Set down the records exactly, and omit any image found in them.

Top of LISTED RECORDS

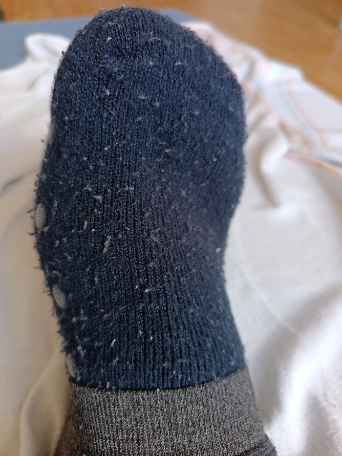 - "A close-up, high-angle shot depicts a left foot encased in a dark blue sock, heavily affected by pilling, with numerous small, light-colored fibers adhering to its surface" by FM-rFWs12, licensed under CC BY 4.0
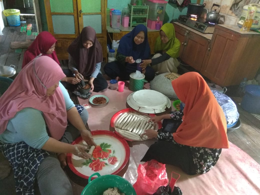 Para peserta KKL IAIN ini memperkenalkan kerupuk basah pada masyaraka setempat.
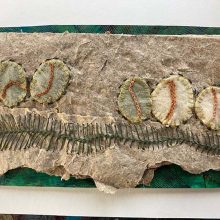 These mixed media pieces represent stages of a silk moth’s life.
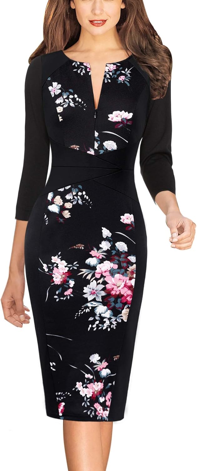 VFSHOW Stilvolles Damenkleid mit Reißverschluss, körperbetont, ideal für Arbeit und Büro
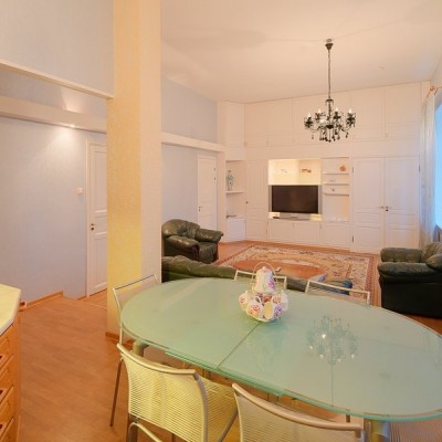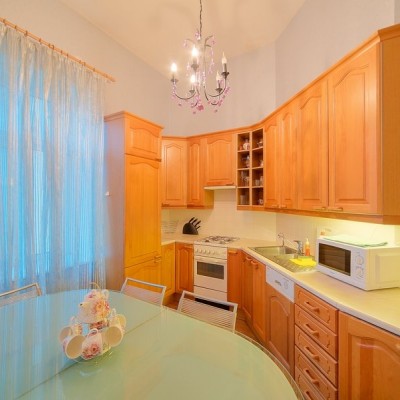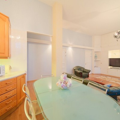 Questo comodo appartamento trilocale si trova in pieno centro storico sulla via pedonale Malaya Konyushennaya e a circa 300m dalla via principale - Nevsky Prospect, 650m dalla Chiesa del Salvatore sul Sangue Versato e Giardino Mikhailovsky, 700m - Museo Russo e circa 800m dalla Piazza del Palazzo (Museo Ermitage). E' un'ottima scelta per una famiglia o un piccolo gruppo di amici che viaggiano insieme. L'appartamento è di 100mq ed è composto da due camere da letto, soggiorno, cucina e bagno con jacuzzi. E' completamente arredato e ha tutto il necessario per un indimenticabile soggiorno nella capitale del nord. Pantofole monouso, articoli per l'odontoiatria, cuffie per la doccia, set di rasoi in omaggio.
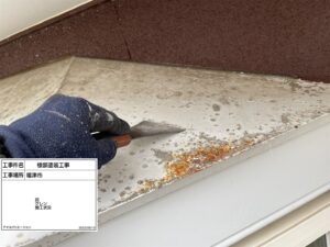 また、鉄部のケレン作業では、旧塗膜やサビをしっかり除去し、塗料が密着しやすい状態を作っています。
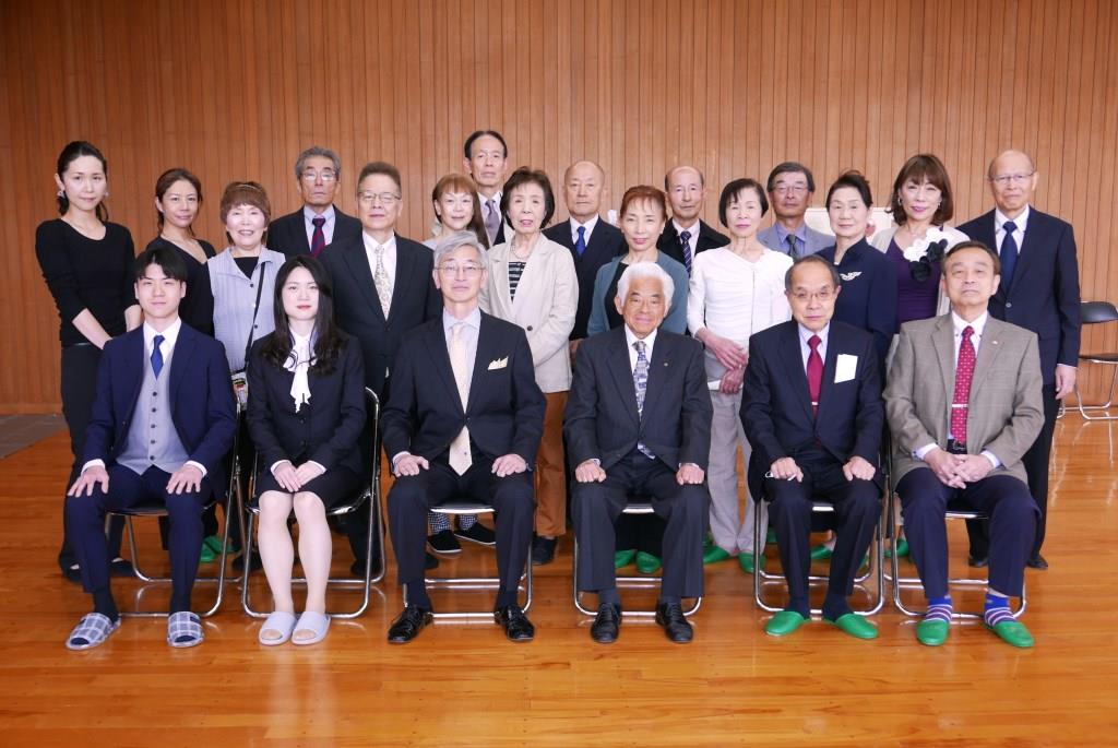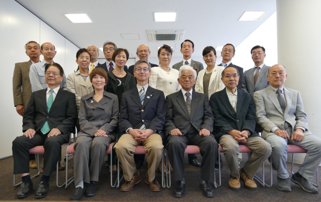 2018年4月21日、はぐくみ会館にて撮影 【後列左から】伊東勝、森田征雄、奥田徹、佐野信哉、笠井敏雄、中重春雄 【中列左から】下垣都博、明正房江、小野村順子、上田紀代子、稲次美智子、内田一広 【前列左から】阪田麗二、阪田君子、大江偉夫、西村増雄、白波瀬利光、明正和夫 |
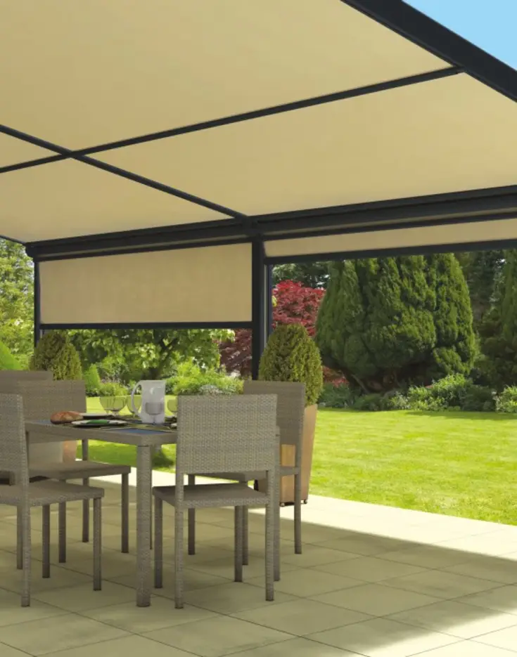 La terrasse nomade, c’est celle qui s’improvise au bord d’un lac ou dans un coin de jardin. Pour protéger et styliser l’endroit que vous avez choisi, il faut plus qu’un simple store d’extérieur. Le store double pente Plaza 2 est une véritable structure de jardin : vous bénéficierez d’une vue à 360° sans subir les aléas de la météo.
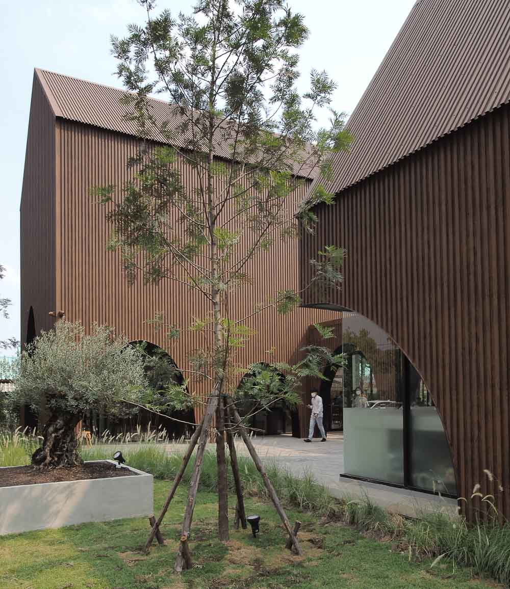 The site located in Bangkok’s western suburb, approximately 4,600㎡, is surrounded by a high-density residential zone. The restaurant aims to connect people with nature by creating modern barns in the forest following the first concept by Tastespace, our collaboration team and interior designer of this project. After design development, The cafe has a cluster of three main volumes with almost 500m2 of the total built area., all with the gable roof: a cafe, restaurant, and kitchen, along with the highest volume of 8-meter height for a bell tower and two small glasshouses.
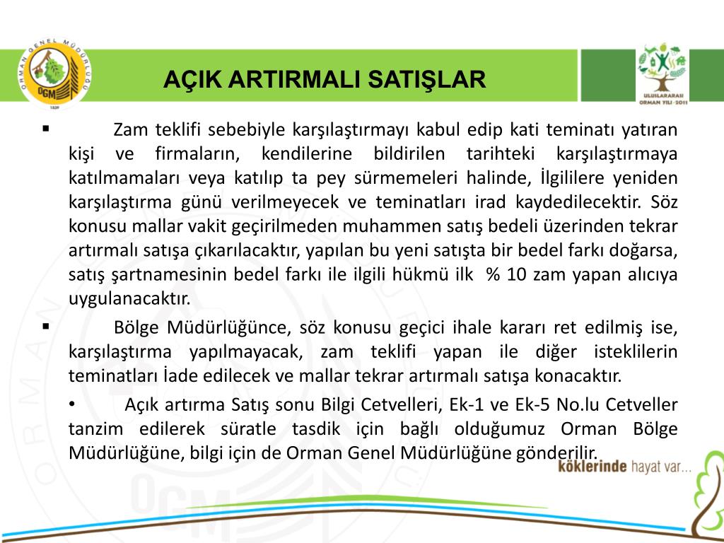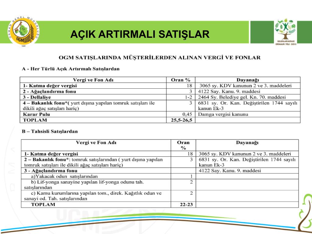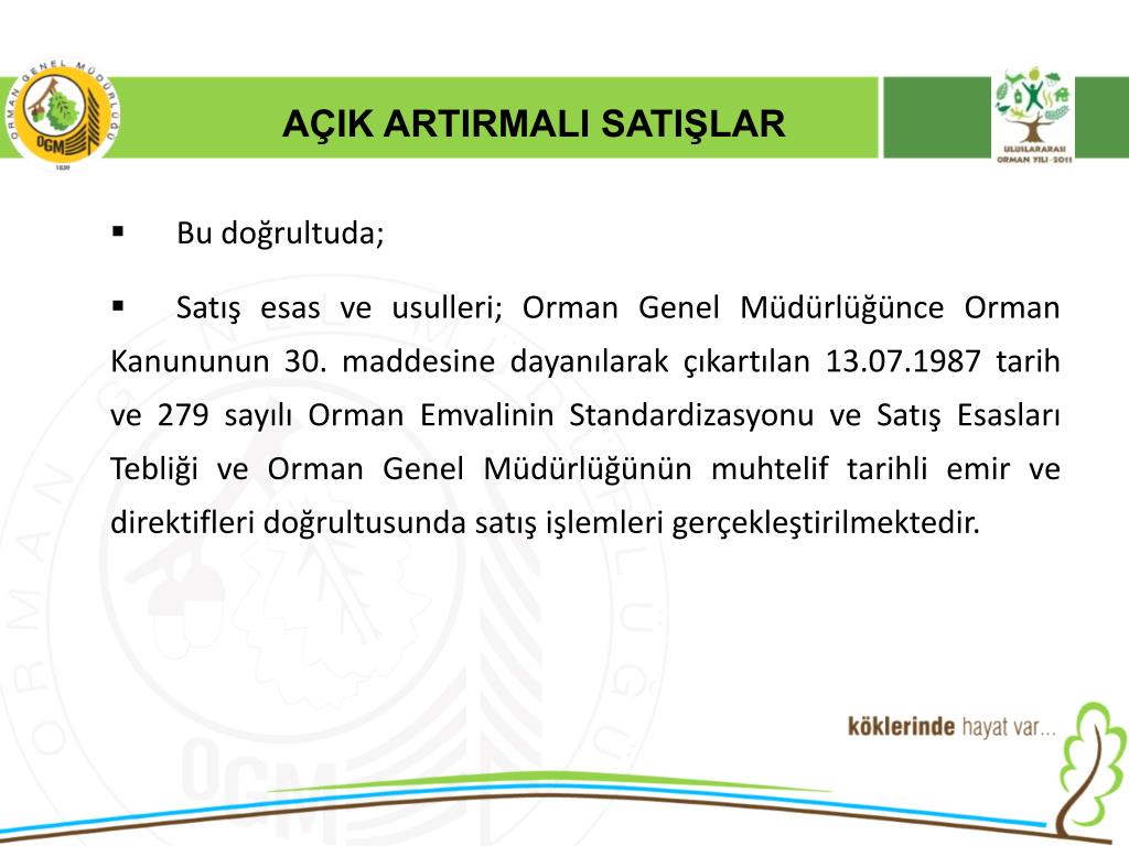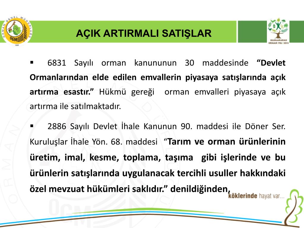 AÇIK ARTIRMALI SATIŞLAR • 6831 Sayılı orman kanununun 30 maddesinde “Devlet Ormanlarından elde edilen emvallerin piyasaya satışlarında açık artırma esastır.” Hükmü gereği orman emvalleri piyasaya açık artırma ile satılmaktadır. • 2886 Sayılı Devlet İhale Kanunun 90. maddesi ile Döner Ser. Kuruluşlar İhale Yön. 68. maddesi “Tarım ve orman ürünlerinin üretim, imal, kesme, toplama, taşıma gibi işlerinde ve bu ürünlerin satışlarında uygulanacak tercihli usuller hakkındaki özel mevzuat hükümleri saklıdır.” denildiğinden,
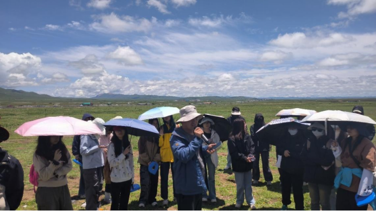 4日上午,90余名师生前往四川省草原科学研究院二农场基地,参观了高原牧草及生态草种质资源圃。在马啸教授的细致讲解下,同学们深入了解了高原牧草的基本特性、选育技术与栽培要点,对各高原主要栽培牧草形成了系统认知。下午,师生在西南民族大学张伟老师带领下,参观了若尔盖高寒湿地生态系统国家野外观测站。随后,师生一行前往中国科a片网站
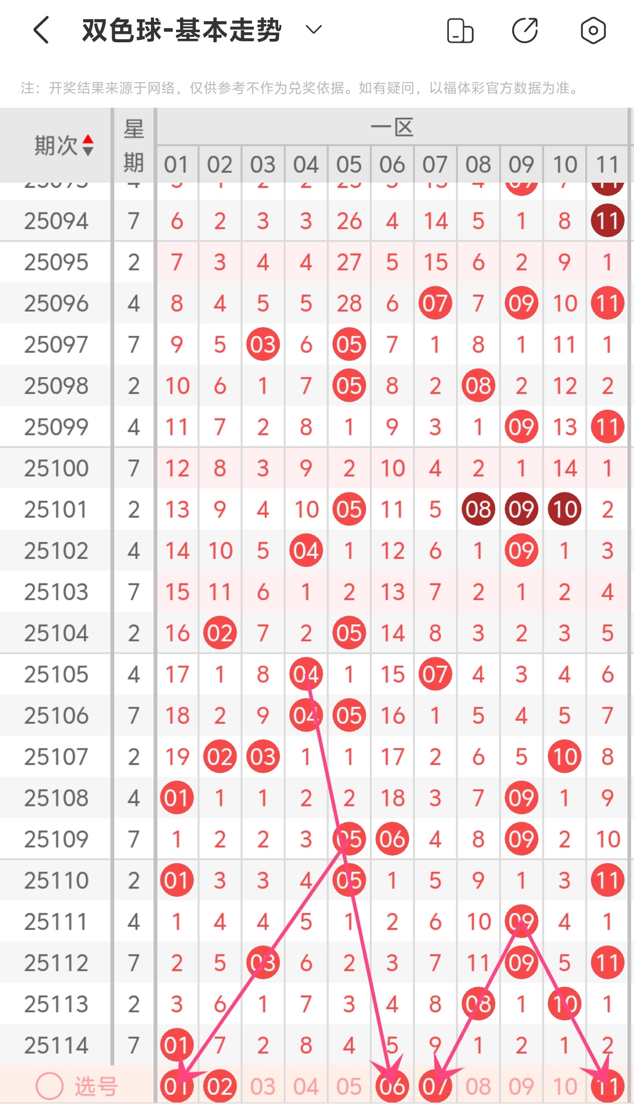 下面双色球的第一区间走势图分析:
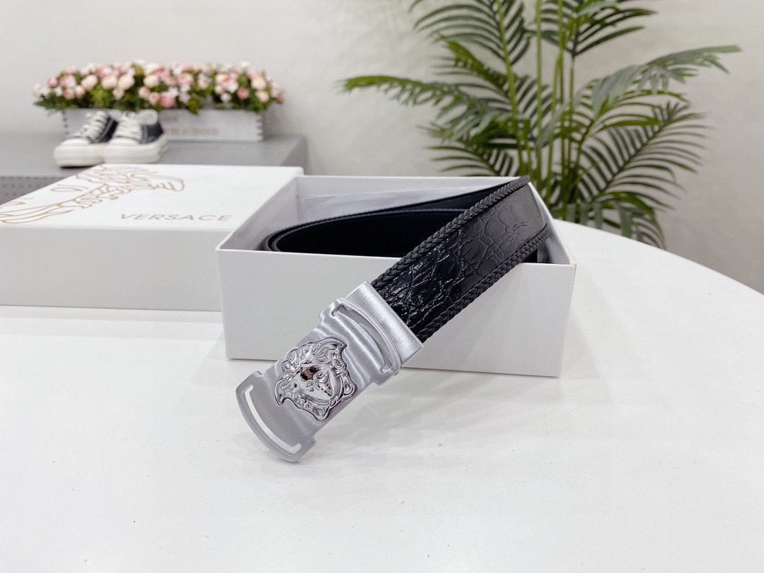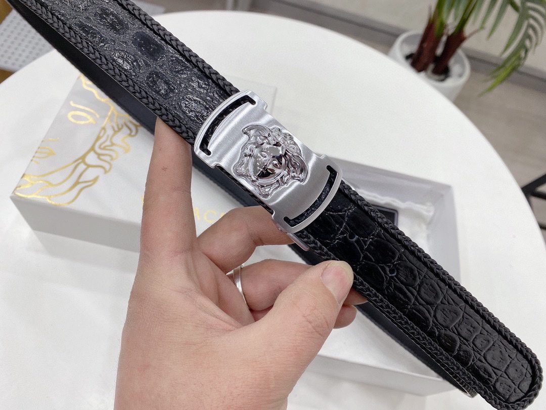 Versace Silver Square Ring Buckle Black Crocodile Pattern Belt Simple, Fashionable, Noble, Elegant
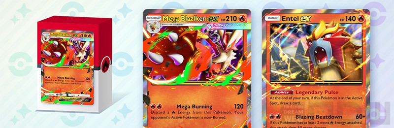 この「エリートデッキ」は、拡張パック「メガライジング」で登場した「メガバシャーモex」、テーマ拡張パック「未知なる水域」で登場した「エンテイex」が収録されており、すぐにバトルで活用できる炎タイプのデッキです。エリートデッキを手に入れて、バトルに活用してみてくださいね。
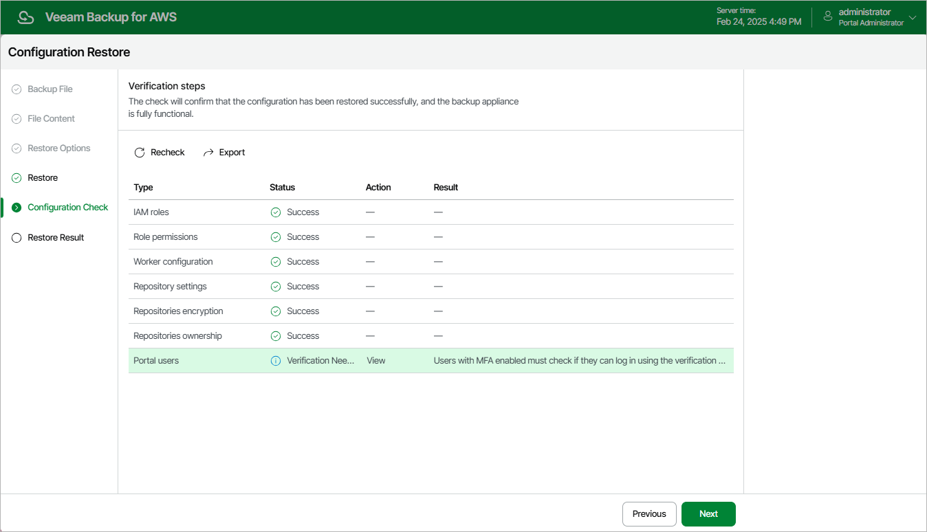 After the restore process is over, Veeam Backup for AWS will run a number of verification checks to confirm that the configuration data has been restored successfully. At the Configuration Check step of the wizard, wait for the verification checks to complete and check whether Veeam Backup for AWS encountered any configuration issues.

Bottom of LISTED RECORDS

RESPONSE AREA:
 - "A close-up, high-angle shot depicts a left foot encased in a dark blue sock, heavily affected by pilling, with numerous small, light-colored fibers adhering to its surface" by FM-rFWs12, licensed under CC BY 4.0
 Para peserta KKL IAIN ini memperkenalkan kerupuk basah pada masyaraka setempat.
 These mixed media pieces represent stages of a silk moth’s life.
 VFSHOW Stilvolles Damenkleid mit Reißverschluss, körperbetont, ideal für Arbeit und Büro
 Questo comodo appartamento trilocale si trova in pieno centro storico sulla via pedonale Malaya Konyushennaya e a circa 300m dalla via principale - Nevsky Prospect, 650m dalla Chiesa del Salvatore sul Sangue Versato e Giardino Mikhailovsky, 700m - Museo Russo e circa 800m dalla Piazza del Palazzo (Museo Ermitage). E' un'ottima scelta per una famiglia o un piccolo gruppo di amici che viaggiano insieme. L'appartamento è di 100mq ed è composto da due camere da letto, soggiorno, cucina e bagno con jacuzzi. E' completamente arredato e ha tutto il necessario per un indimenticabile soggiorno nella capitale del nord. Pantofole monouso, articoli per l'odontoiatria, cuffie per la doccia, set di rasoi in omaggio.
 また、鉄部のケレン作業では、旧塗膜やサビをしっかり除去し、塗料が密着しやすい状態を作っています。
 2018年4月21日、はぐくみ会館にて撮影 【後列左から】伊東勝、森田征雄、奥田徹、佐野信哉、笠井敏雄、中重春雄 【中列左から】下垣都博、明正房江、小野村順子、上田紀代子、稲次美智子、内田一広 【前列左から】阪田麗二、阪田君子、大江偉夫、西村増雄、白波瀬利光、明正和夫 |
 La terrasse nomade, c’est celle qui s’improvise au bord d’un lac ou dans un coin de jardin. Pour protéger et styliser l’endroit que vous avez choisi, il faut plus qu’un simple store d’extérieur. Le store double pente Plaza 2 est une véritable structure de jardin : vous bénéficierez d’une vue à 360° sans subir les aléas de la météo.
 The site located in Bangkok’s western suburb, approximately 4,600㎡, is surrounded by a high-density residential zone. The restaurant aims to connect people with nature by creating modern barns in the forest following the first concept by Tastespace, our collaboration team and interior designer of this project. After design development, The cafe has a cluster of three main volumes with almost 500m2 of the total built area., all with the gable roof: a cafe, restaurant, and kitchen, along with the highest volume of 8-meter height for a bell tower and two small glasshouses.
 AÇIK ARTIRMALI SATIŞLAR • 6831 Sayılı orman kanununun 30 maddesinde “Devlet Ormanlarından elde edilen emvallerin piyasaya satışlarında açık artırma esastır.” Hükmü gereği orman emvalleri piyasaya açık artırma ile satılmaktadır. • 2886 Sayılı Devlet İhale Kanunun 90. maddesi ile Döner Ser. Kuruluşlar İhale Yön. 68. maddesi “Tarım ve orman ürünlerinin üretim, imal, kesme, toplama, taşıma gibi işlerinde ve bu ürünlerin satışlarında uygulanacak tercihli usuller hakkındaki özel mevzuat hükümleri saklıdır.” denildiğinden,
 4日上午,90余名师生前往四川省草原科学研究院二农场基地,参观了高原牧草及生态草种质资源圃。在马啸教授的细致讲解下,同学们深入了解了高原牧草的基本特性、选育技术与栽培要点,对各高原主要栽培牧草形成了系统认知。下午,师生在西南民族大学张伟老师带领下,参观了若尔盖高寒湿地生态系统国家野外观测站。随后,师生一行前往中国科a片网站
 下面双色球的第一区间走势图分析:
 Versace Silver Square Ring Buckle Black Crocodile Pattern Belt Simple, Fashionable, Noble, Elegant
 この「エリートデッキ」は、拡張パック「メガライジング」で登場した「メガバシャーモex」、テーマ拡張パック「未知なる水域」で登場した「エンテイex」が収録されており、すぐにバトルで活用できる炎タイプのデッキです。エリートデッキを手に入れて、バトルに活用してみてくださいね。
 After the restore process is over, Veeam Backup for AWS will run a number of verification checks to confirm that the configuration data has been restored successfully. At the Configuration Check step of the wizard, wait for the verification checks to complete and check whether Veeam Backup for AWS encountered any configuration issues.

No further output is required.